For this project, I used data from 20 different Wikipedia articles. The dataset includes the pages for 10 actors and 10 movies. Rather than analyze the text directly, I used part-of-speech (POS) tagging and named entity recognition (NER) tagging on word-tokenized data to obtain numerical measurements of the dataset. More specifically, I counted the amount of each tag for each actor or movie.
I used three different machine learning algorithms for classifying the articles. The algorithms I used are Naive Bayes, Decision Tree, and the ensemble method Gradient Boosting.
This is an informal project, so I simply chose actors I like. That said, I tried to select a broad range of actors, from B-Movies to blockbusters. My chosen actors are Tessa Thompson, Lupita Nyong'o, Winona Ryder, Amy Poehler, Bruce Campbell, Adam Scott, Nicolas Cage, Tim Curry, Margot Robbie, and Sandra Bullock.

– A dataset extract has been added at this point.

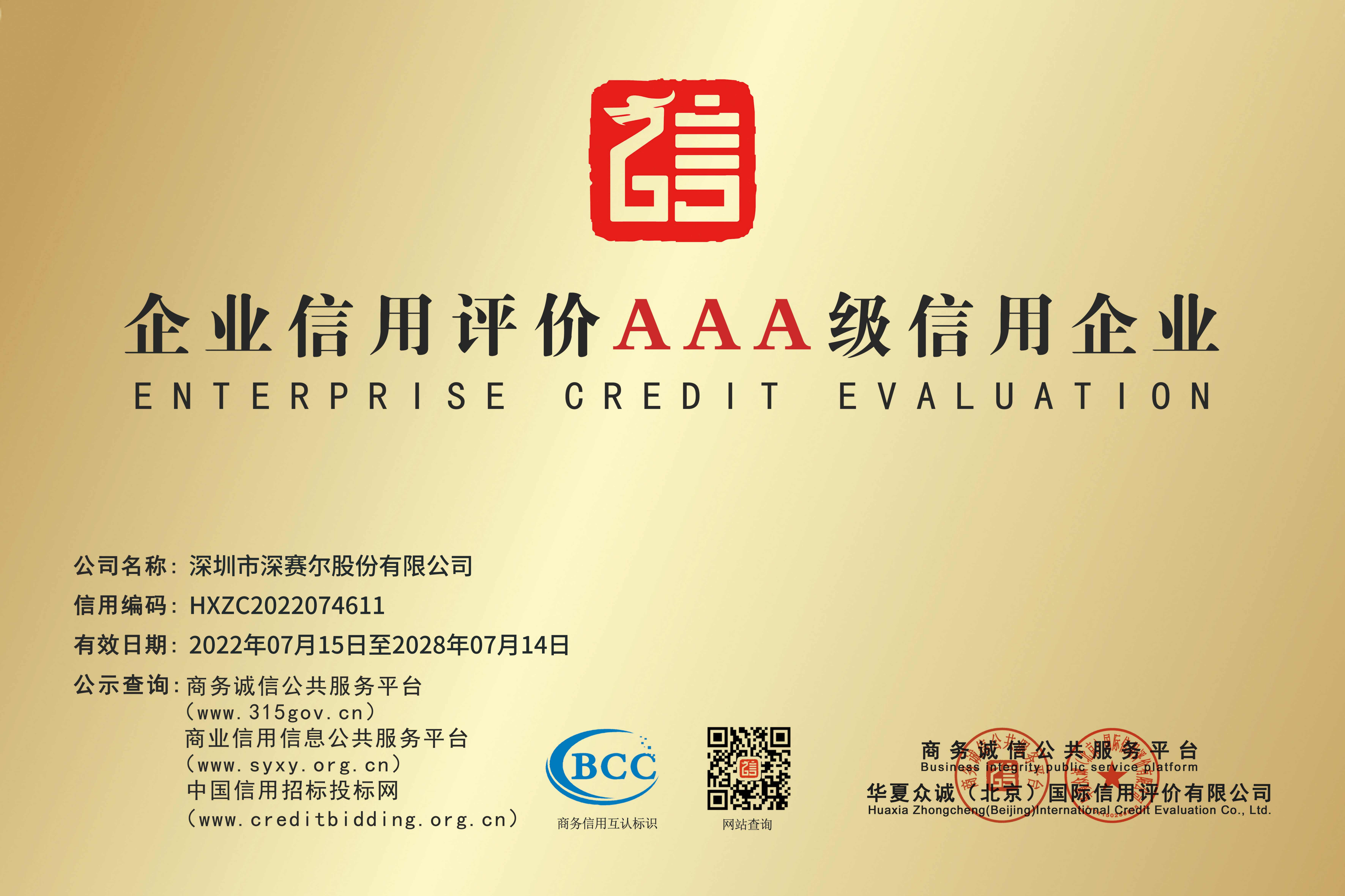企業信用評價3A級信用企業

For each actor above, I chose a movie they appeared in. The movies are "Sorry to Bother You", "Us", "Heathers", "Wet Hot American Summer", "Evil Dead II", "Piranha 3D", "Con Air", "The Rocky Horror Picture Show", "I, Tonya", and "Miss Congeniality."
If the machine learning models perform well, this suggests that there are quantifiable differences between how actors and movies are written about on Wikipedia. Nota bene, this is a simple, straightforward analysis and it does not prove anything.
- Use the Wikipedia library to gather the content of all Wikipedia pages I will use as my dataset.
- Pre-process this data to remove citations, punctuation, numbers, other extraneous characters, and stopwords and to tokenize by word.
- Tag the word-tokenized data by part-of-speech and by named entity.
- Build a frequency distribution of the top three parts of speech and top three named entities
- Use the counts from each frequency distribution to calculate (for each movie or each actor):
- Mean
- Maximum
- Minimum
- Range
- Standard Deviation
- Select K best features from Movies and from Actors
- Train ML models
- Calculate mean F1 score and mean accuracy score for each model
Naive Bayes and Gradient Boosting are tied for both the highest mean F1 score and the highest mean accuracy score (85.3% and 85%, respectively). I would thus consider these two to be the most reliable models. Decision Tree did not perform quite as well, with an F1 of 81.3% and an accuracy of 70%.
These scores indicate that there are quantifiable differences between Actor and Movie articles and that these differences can be shown effectively even with a small dataset and limited POS and NER tagging.